Vous êtes sur une broche scellée ou sur une plaquette et votre corde est assez longue pour faire trois fois la distance qui vous sépare du sol ou du relais en dessous de vous mais la broche est trop petite pour laisser passer le mousqueton de la vache et votre corde. Comme dans tous les cas qui vont suivre première manoeuvre, se vacher sur la broche. Passer un anneau de cordelette dans cette même broche, passer ensuite une extrémité de la corde dans les deux boucles de la cordelette de façon à ce que son extrémité arrive au sol (ou au relais), récupérer l’autre extrémité de la corde que votre assureur a libéré et l’attacher à une boucle de la cordelette. Attention : choisir la boucle qui porte le noeud sinon ça va coincer. Placer le descendeur en huit sur les deux autres brins (A et B).
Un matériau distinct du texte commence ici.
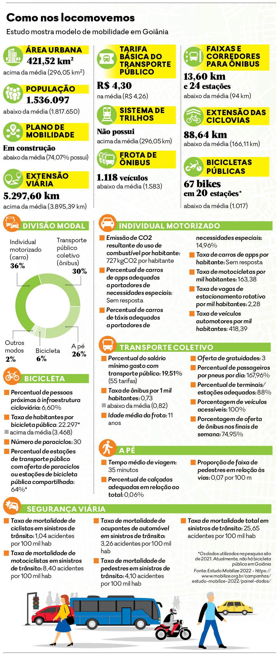 Em Goiânia, há apenas 0,7 faixa de pedestres a cada quilômetro de ruas e ainda somente 0,06% das calçadas são consideradas ideais, de acordo com o Relatório Final do Estudo Mobilize 2022 - Mobilidade Urbana em dados e nas ruas do Brasil. A situação identifica a dificuldade para 26% da população que se locomove caminhando pela cidade, também de acordo com a pesquisa. Por outro lado, os carros e as motocicletas possuem toda uma estrutura de 5,2 mi quilômetros (km) espalhados pelos 421,5 km² de área urbana, ambos números acima da média das capitais do Brasil, mesmo para uma população abaixo da média.O levantamento mostra uma cidade espraiada e com vias destinadas à locomoção por veículos motorizados, como as pontes e viadutos, que dificultam a mobilidade dos pedestres. Coordenadora da pesquisa em Goiânia, a arquiteta e urbanista Flávia Cirqueira lembra que todos são pedestres em algum momento. “Essa reflexão é importante para que possamos compreender que todos precisamos nos atentar para a qualidade do espaço urbano destinado ao pedestre, ou seja, a todos nós.”A arquiteta e urbanista explica que a “qualidade das calçadas é imprescindível para que o deslocamento do pedestre ocorra, não existe outra opção que favoreça o pedestre a não ser qualificar o seu espaço na via”. Além disso, ela explica que a ausência de faixas de pedestres na cidade indica um problema grave de continuidade. Segundo Flávia, nesse caso, “o fluxo é interrompido por não ser possível atravessar a via do automóvel de forma segura e o percurso torna-se maior, o que demonstra que o modo a pé não é priorizado em relação ao automóvel”.Os dados da pesquisa apontam que os veículos individuais motorizados são os modos priorizados no sistema de mobilidade urbana goianiense, “sendo ainda necessária uma mudança de postura da gestão pública e da comunidade como um todo”, de acordo com Flávia. O estudo informa que 36% das pessoas utilizam o veículo individual. Geógrafo e perito criminal especializado em eventos de trânsito, Antenor Pinheiro avalia que a pesquisa confirma que os investimentos para a infraestrutura viária da cidade “destinam-se à minoria da população que faz os seus deslocamentos diários por meio de carros e motocicletas”.Na prática, a priorização dos meios de transporte individuais motorizados tem resultado na redução dos espaços mais calmos para os pedestres, que possibilitaria caminhadas e travessias seguras pela cidade. Há casos como as construções dos complexos viários, como da Avenida Jamel Cecílio, o que dificultou a travessia dos pedestres na via, e na Avenida 85 com a T-63. Outro exemplo é a construção, ainda em andamento, do corredor do BRT Norte-Sul, que provocou a redução das calçadas ao longo da Rua 90 para que fossem mantidas duas faixas para carros e motos. Há ainda problemas com a ocupação indevida de calçadas, com obstáculos, materiais e até mesmo com mesas e cadeiras.“A maioria das pessoas (64%) que utilizam ônibus, bicicletas ou se deslocam a pé não conta com a mesma atenção. Ou seja, os que se utilizam de transportes ativos e coletivos continuam a não merecer a atenção do poder público, contrariando assim a Lei Federal da Mobilidade Urbana”, diz Pinheiro, que é membro da Associação Nacional de Transportes Públicos (ANTP). Ele considera ainda que os dados apontam que as calçadas da cidade não são consideradas espaços de mobilidade públicos. “Isso corrobora para uma cidade cada vez mais brutalizada. A legislação prevê que as calçadas são vias públicas, mas não são assim consideradas.”O engenheiro de Trânsito e professor do Instituto Federal de Goiás (IFG) Marcos Rothen ressalta ainda que a inadequação das calçadas gera muitos acidentes. “A existência de uma calçada adequada é também um fator importante para a saúde das pessoas. Em Goiânia é visível que as condições para se andar a pé são inadequadas e inseguras”, diz. Ele afirma ainda que em suas aulas conversa com os alunos sobre as condições das vias para pedestres e os relatos apontam problemas até mesmo nas áreas mais urbanizadas, inclusive no Parque Vaca Brava, do Setor Bueno. “A falta de condições para caminhar leva as pessoas a utilizarem os veículos motores, e como há deficiência do transporte coletivo, acabam usando carros e motos”, explica o especialista.Viagem a pé dura 35 minutosO Estudo Mobilize 2022 indica que o tempo médio de viagem a pé em Goiânia é de 35 minutos. Levando em consideração a velocidade média de uma pessoa adulta, em torno de 5 quilômetros por hora, é possível estimar que o pedestre, na capital, se locomove entre 2,5 e 3 quilômetros. “Em relação ao modo ativo, a oferta de infraestrutura é relevante, mas não exclusiva, pois os destinos devem ser próximos, alinhando-se à outras políticas setoriais e de desenvolvimento urbano, entrando na questão macro do planejamento urbano e da gestão integrada”, afirma a urbanista Flávia Cirqueira, sobre a necessidade de organização da cidade para que os pedestres tenham para onde ir nas proximidades.O professor do Instituto Federal de Goiás (IFG) Marcos Rothen ressalta que Goiânia tem longas distâncias para quem anda a pé. “Mesmo nas áreas mais centrais existem grandes espaços vazios, o que aumenta as distâncias.”Infraestrutura determina escolha final do usuárioDe acordo com o Relatório Final do Estudo Mobilize 2022 - Mobilidade Urbana em dados e nas ruas do Brasil, em Goiânia, 36% dos deslocamentos são feitos por transporte individual motorizado (carro e moto), sendo o modo mais utilizado. Em seguida está o transporte público coletivo, com 30% e o transporte a pé (26%), enquanto que a bicicleta é utilizada em 6% das viagens e os demais 2% se referem a outros modos. A coordenadora da pesquisa em Goiânia, Flávia Cirqueira, explica que a oferta de infraestrutura para

Attention à ne pas se tromper. Puis un auto bloquant sur ces mêmes brins (si évidemment on a une cordelette supplémentaire ou un shunt) et redescendre en rappel (Attention: on est encore sur un seul point). Il ne reste plus qu’à rappeler la corde en tirant sur le brin (B) pour récupérer le rappel comme on le ferait normalement puis sur le brin (C) qui va récupérer la cordelette.

Troisième cas :

Cette fois ci vous êtes sur une plaquette. Il est alors hors de question de passer la corde directement dans la plaquette car elle serait abîmée par celle ci. De plus votre corde ne fait pas trois fois la distance à descendre (ou peut être vous n’en êtes pas sur alors ne prenons pas de risque). Pour comble de malheur il n’est pas possible de fractionner la descente. Pas de panique le noeud Dufour va vous rendre service.

Commencez par vous vacher sur la plaquette, passez une cordelette dans la plaquette puis passez un des deux brins du rappel dans la boucle portant le noeud de la cordelette. Attention à ne pas perdre celle-ci. Pour éviter cette mésaventure on peut placer un mousqueton dans la boucle opposée à celle portant le noeud. Passer ensuite les deux brins dans cette boucle comme montré sur le croquis N°3. On est à présent dans la bonne configuration pour terminer le noeud Dufour. Terminer celui-ci et descendre en rappel sur un seul brin. Attention de bien choisir le brin bloqué. Faire un essai préalable en tirant sur chacun des brins. Le bon brin est celui qui ne glisse pas.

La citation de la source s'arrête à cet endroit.